The Ten Best Weezer Songs of the Past Decade

Weezer is the Star Wars prequels of rock and roll: objects of loathing born from young love, recipients of vitriol presumed to be deserved and, beyond the affection of a few die hard nutcases, universal. This is hyperbolic, of course: a rock band “no one” likes can no more survive for decades than a movie series “everyone” hates can gross $300 million domestic every time out. But it’s inarguable that Weezer has, like the Star Wars prequels I so enjoy, disappointed a lot of people, and unlike Attack of the Clones, I would not give any of Weezer’s albums of the past decade three and a half stars out of four for the sheer enjoyability of the good stuff.

Also unlike Star Wars, which had three-year gaps (at least in terms of movies) for opinions to percolate (and, I think, sometimes nervously reverse themselves into scorn), Weezer has absorbed these negative reactions via not scarcity, but abundance. The band came back in 2001 after nearly five years of inactivity, and they haven’t been away for so long since. Though their 2005 nadir Make Believe was bookended by three-year breaks, they’ve also had major productivity spurts, most notably in the 2008-2010 period where they released three studio albums and one cast-off collection in less than four years.

Conventional wisdom says these records mostly just upped the ante on how bad Weezer could let down its dwindling fanbase, and true that none of these records or what I’d call “good,” though a few flirt with “pretty good” or “OK.” But as the band prepares to release its umpteenth for-real-this-time return to form, Everything Will Be Alright in the End (out tomorrow), it’s worth noting that the past decade of Weezer has not yielded nonstop dross. In fact, there are some pretty great Weezer songs adrift in the seas of mediocrity, waiting for attentive, non-angry listeners to rescue them. This is what I intend to do here. I’m limiting this to a list of the Ten Best Weezer Songs of the Past Decade and, as such, not including their post-comeback records, 2001’s Green Album or 2002’s Maladroit — because those albums are, as a whole, good. Not great like the first two, but good enough to listen to without much skipping – really, the best halves of Green and Maladroit could combine to form a record nearly as good as Blue or Pinkerton. And the songs that follow, well, they could probably form a record nearly as good as that one. Maybe some of the poptimism afforded derivative Top 40 songs might (in a Weezer-friendly rockist fashion) be applied to your old pals from ’94.

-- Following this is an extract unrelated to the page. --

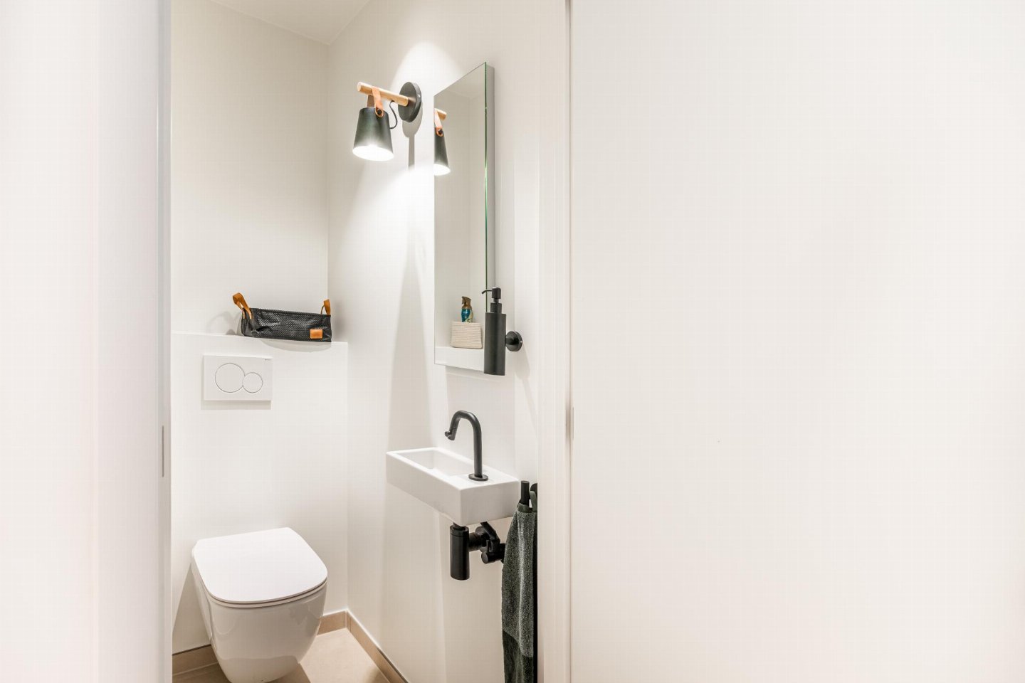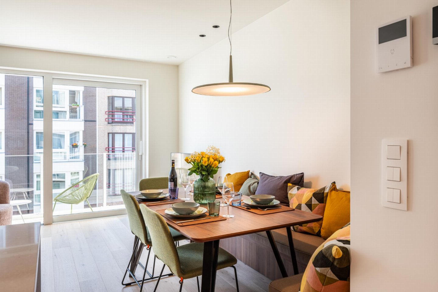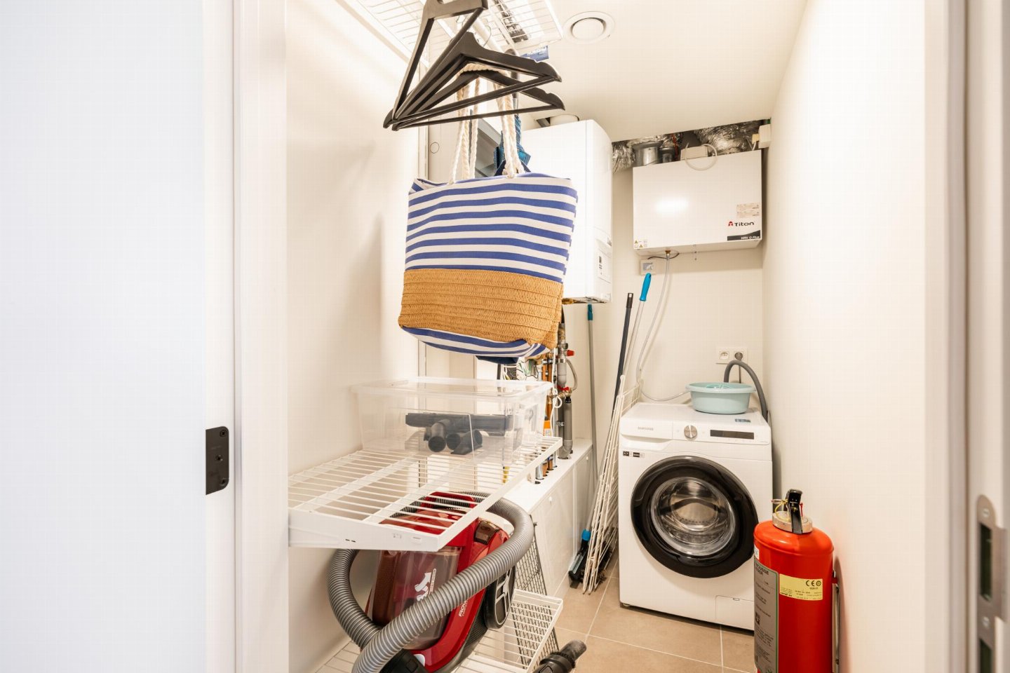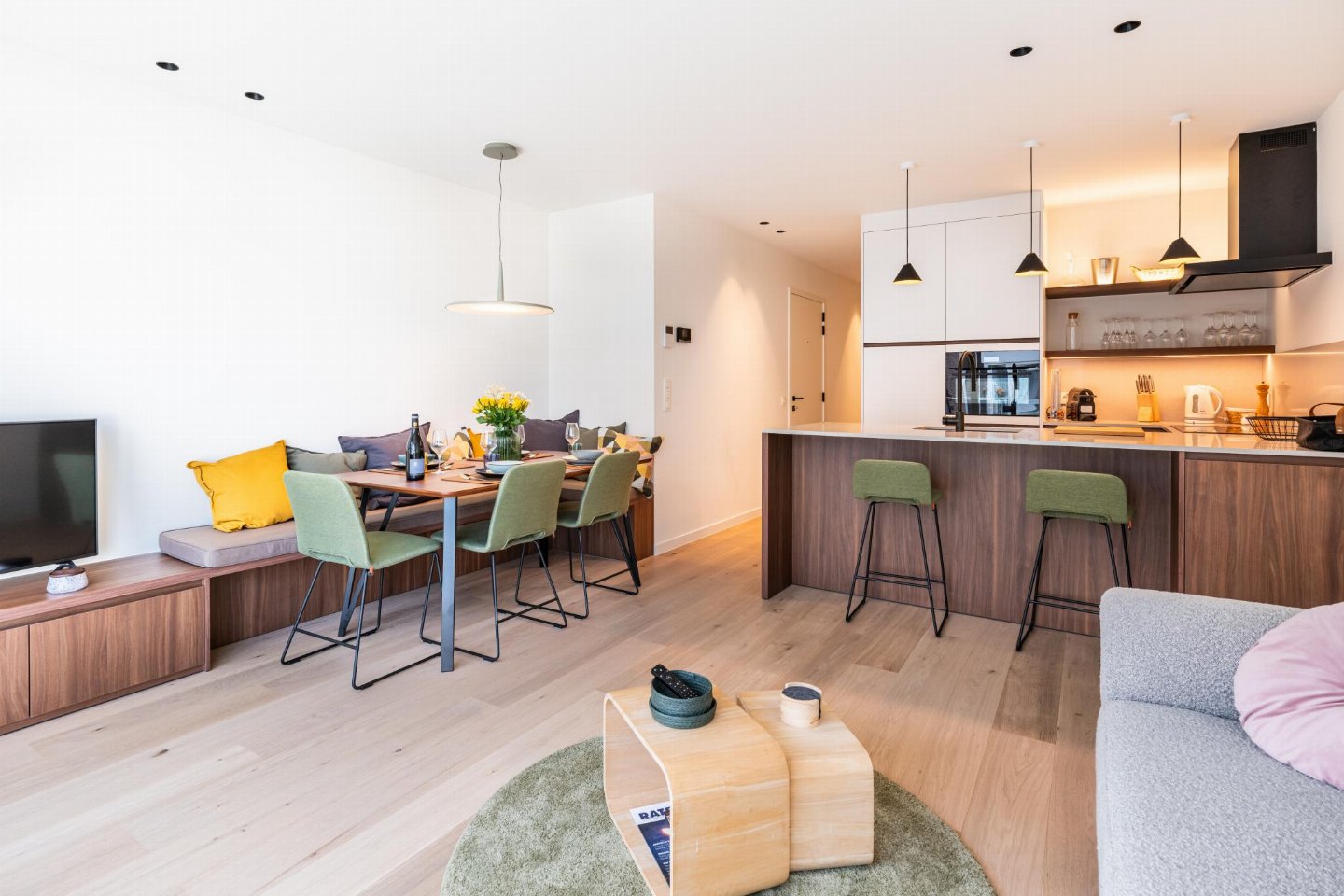 Op de 3e etage: (open keuken(kookplaat(inductie), waterkoker, broodrooster, afzuigkap, koffiezetapparaat(nespresso cups), oven, grill, afwasmachine, koelkast, Staafmixer), woon/eetkamer(TV(flatscreen, digital, smart TV), eettafel, zithoek, radio), slaapkamer(2-pers. bed(2 x 1 persoons dekbed)), slaapkamer(2x 1-pers. bed(dekbed)), badkamer(douche(inloopdouche), wastafel, haardroger), toilet(wc), berging(wasmachine, stofzuiger), 3x balkon, tuinmeubilair, 1x kinderstoel)

The Ten Best Weezer Songs of the Past Decade

10. “I’m Your Daddy”

Raditude, 2009
One of the weirdest things about late-period Weezer is reading about the origins of some of their songs, especially ones with seemingly off-putting lyrical content. The empty-headed “Smart Girls” seems all the stupider hearing that it started off as “Hot Girls” but Cuomo crowdsourced it into “Smart Girls” to make it nicer (nice sentiment, I guess; still a stupid song). The nonsensical “Where’s My Sex?” seems like even more of a dumb joke if you think about how it was based on Cuomo’s young daughter asking about the whereabouts of her socks (how does making that change suddenly make it into a song?). The best of these weird-origins songs is probably “I’m Your Daddy,” even though it has the potential to be the creepiest: It’s a creepy phrase unto itself, although the origin is actually kinda cute; apparently Cuomo sang part of the chorus to his kid. But he brings it back to weird by applying it back to a song that’s supposed to be romantic. I’m sure it was just a strange songwriting whim, but it’s the kind of anecdote that makes Cuomo seem like he’s fucking around at best, out of ideas at worst. That said, “I’m Your Daddy” is super-catchy, enough so that I can forget that the phrase “I’m Your Daddy” figures into the chorus.

9. “This Is Such a Pity”

Make Believe, 2005
Make Believe is a terrible album. I can find a lot of positive things to say about the three records that followed, but there are only the scantest pleasures to be found on one of the band’s longest and seemingly most painstaking releases, and the contrast between this and Maladroit, paticularly in the lyrics department, is stark. I’d love to read a detailed account of what Rivers was up to between 2002 and 2005 that (a.) derailed his initial plans to continue releasing an album a year and (b.) drained the specificity out of his lyrics. But on “This Is Such a Pity,” the lady backing vocals, synthy beat, and eighties-y dueling guitar solos in the bridge offer a rare moment where musical experimentation overtakes the rote songwriting. Basically, anyone who loves “I Just Threw Out the Love of My Dreams” should at least give this one a chance.

8. “Trainwrecks”

Hurley, 2010
One of the best things about Hurley is the way it sounds: rougher and looser than the more polished albums that preceded it. The band (and, really, anyone writing about the band) often seems to be chasing “since the Blue Album” or “since Pinkerton” but here, truly, is someplace that comparison really applies: Vocally, Cuomo hadn’t sounded this unhinged since Pinkerton. It’s not gratuitous, but the way he hits “WRECKS!” at the end of the titular word is a thrill, considering how buttoned-up he often sounds. The rest of the song is pretty great, too: chugging and anthemic about a group of people who are totally messy and unreliable.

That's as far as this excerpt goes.